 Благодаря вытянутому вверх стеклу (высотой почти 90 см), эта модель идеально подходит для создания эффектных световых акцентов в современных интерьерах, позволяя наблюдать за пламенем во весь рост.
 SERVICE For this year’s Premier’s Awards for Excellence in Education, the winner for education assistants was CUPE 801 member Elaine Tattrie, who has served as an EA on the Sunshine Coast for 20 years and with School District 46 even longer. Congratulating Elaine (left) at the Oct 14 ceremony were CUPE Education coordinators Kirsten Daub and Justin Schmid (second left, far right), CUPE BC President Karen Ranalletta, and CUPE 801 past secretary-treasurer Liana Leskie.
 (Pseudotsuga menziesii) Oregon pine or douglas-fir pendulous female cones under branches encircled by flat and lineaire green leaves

--

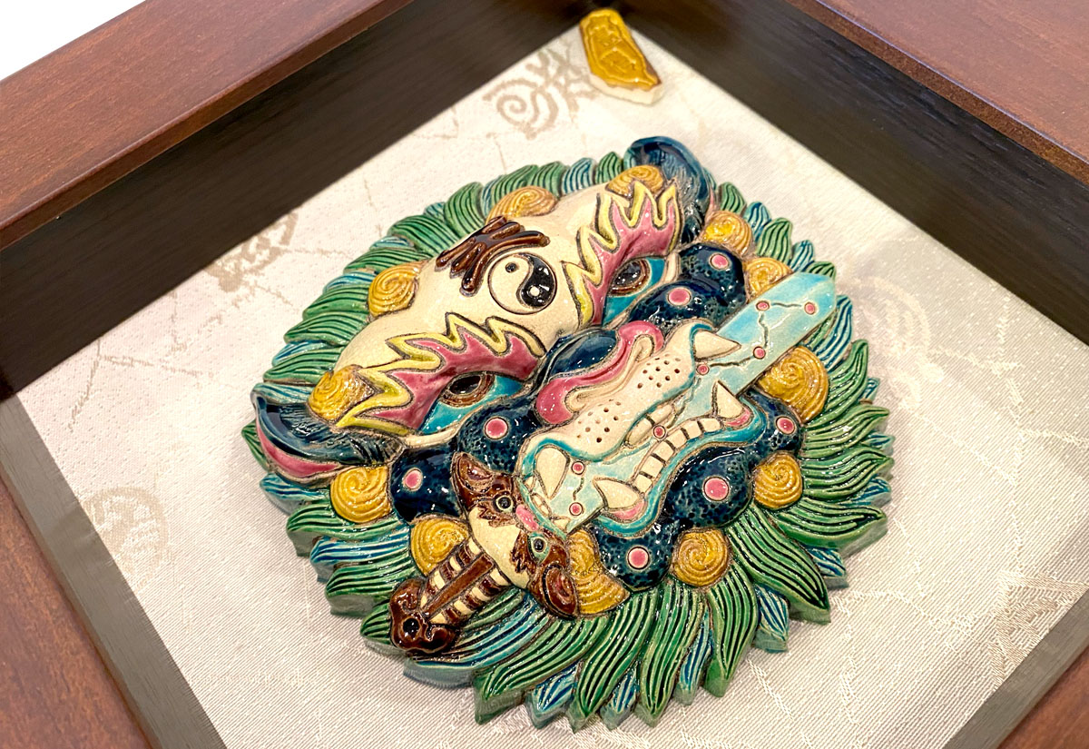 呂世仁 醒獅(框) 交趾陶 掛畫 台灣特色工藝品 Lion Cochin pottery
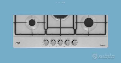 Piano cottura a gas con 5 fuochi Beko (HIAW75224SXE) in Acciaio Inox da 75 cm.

▶ [Exercise] Return the material from the line containing "呂世仁 醒獅(框) 交趾陶 掛畫 台灣特色工藝品 Lion Cochin pottery" through the line containing "Piano cottura a", exactly and in full, but without its pictures.

▶ [Result of the exercise]
 呂世仁 醒獅(框) 交趾陶 掛畫 台灣特色工藝品 Lion Cochin pottery
 Piano cottura a gas con 5 fuochi Beko (HIAW75224SXE) in Acciaio Inox da 75 cm.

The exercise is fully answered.